Sleep and Behavior in Cross-Fostering Rats: Developmental and Sex Aspects

Abstract

Study objective: Adverse early-life events induce behavioral psychopathologies and sleep changes in adulthood. In order to understand the molecular level mechanisms by which the maltreatment modifies sleep, valid animal models are needed. Changing pups between mothers at early age (cross-fostering) may satisfyingly model adverse events in human childhood.

Methods: Cross-fostering (CF) was used to model mild early-life stress in male and female Wistar rats. Behavior and BDNF gene expression in the basal forebrain (BF), cortex, and hypothalamus were assessed during adolescence and adulthood. Spontaneous sleep, sleep homeostasis, and BF extracellular adenosine levels were assessed in adulthood.

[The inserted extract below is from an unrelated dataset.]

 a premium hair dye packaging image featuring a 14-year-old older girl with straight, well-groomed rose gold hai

Results: CF rats demonstrated increased number of REM sleep onsets in light and dark periods of the day. Total REM and NREM sleep duration was also increased during the light period. While sleep homeostasis was not severely affected, basal level of adenosine in the BF of both male and female CF rats was lower than in controls. CF did not lead to considerable changes in behavior.

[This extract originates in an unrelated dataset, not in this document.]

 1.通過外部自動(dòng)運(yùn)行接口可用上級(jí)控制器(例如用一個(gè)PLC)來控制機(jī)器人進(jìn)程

Conclusions: Even when the consequences of adverse early-life events are not observed in tests for anxiety and depression, they leave a molecular mark in the brain, which can act as a vulnerability factor for psychopathologies in later life. Sleep is a sensitive indicator for even mild early-life stress.

Keywords: BDNF; adenosine; cross-fostering; depression; sleep homeostasis.

Figure 1

Schematic representation of the timeline of the experiments. OF, open field test; SPT, sucrose preference test; CTRL, control rats; CF, cross-fostering rats.

Figure 2

(A) Vigilance state distribution through light-dark period and (B) number of REM sleep onsets in CTRL and CF male and female rats during BL day. Males (n = 7/control group, n = 6/CF group), females (n = 5/CTRL group, n = 5/CF group). ^# Difference is significant between CTRL and CF rats (factorial ANOVA (factors: sex and treatment), P < 0.05). *Difference is significant between CTRL and CF rats within same-sex group (one-way ANOVA, P < 0.05). CTRL, control rats; CF, cross-fostering rats; BL, baseline day.

Figure 3

(A) NREM and (B) REM sleep duration in CTRL and CF male and female rats during recovery hours (16:00–21:00) after SD. Males (n = 7/control group, n = 6/CF group), females (n = 5/CTRL group, n = 5/CF group). ^# Difference is significant between BL and SD days (factorial repeated measures ANOVA (between subject factors: sex and treatment, within-subject factor: SD), P < 0.05). *Difference is significant between BL and SD days within same-sex, same-treatment group (one-way ANOVA, P < 0.05). CTRL: control rats. CF, cross-fostering rats; BL, baseline day; SD, sleep deprivation.

Figure 4

NREM sleep delta (1.08–3.79 Hz) power in CTRL and CF male and female rats during one-hour recovery sleep (16:00–17:00) after SD. Males (n = 7/control group, n = 6/CF group), females (n = 5/ CTRL group, n = 5/CF group). While there is a significant increase in NREM sleep delta power after SD (factorial repeated measures ANOVA (between subject factors: sex and treatment, within-subject factor: SD), P < 0.05) for both females and males (about 50% and 20%, respectively), there is no difference between CTRL and CF rats. CTRL, control rats. CF, cross-fostering rats; BL, baseline day; SD, sleep deprivation.

Figure 5

Baseline adenosine concentration (nM) in CTRL and CF male and female rats in the basal forebrain. Males: n = 7/CTRL group, n = 6/CF group, females: n = 5/CTRL group, n = 5/CF group. *Difference is significant between CTRL and CF rats within same-sex group (oneway ANOVA, P < 0.05). CTRL, control rats; CF, cross-fostering rats; BF, basal forebrain.

Figure 6

BDNF gene expression in the basal forebrain, frontal cortex and hypothalamus in male and female rats during adolescence and adulthood. Males: n = 5/CTRL group, n = 6/CF group, females: n = 6/CTRL group, n = 6/CF group. In the basal forebrain, BDNF gene expression level was higher in adolescence than in adulthood (factorial ANOVA (factors: sex, age and treatment), P < 0.05) and tended to be lower in CF rats than in CTRLs (factorial ANOVA (factors: sex, age and treatment), P = 0.08). Such differences were not observed in other brain areas. CTRL, control rats; CF, cross-fostering rats.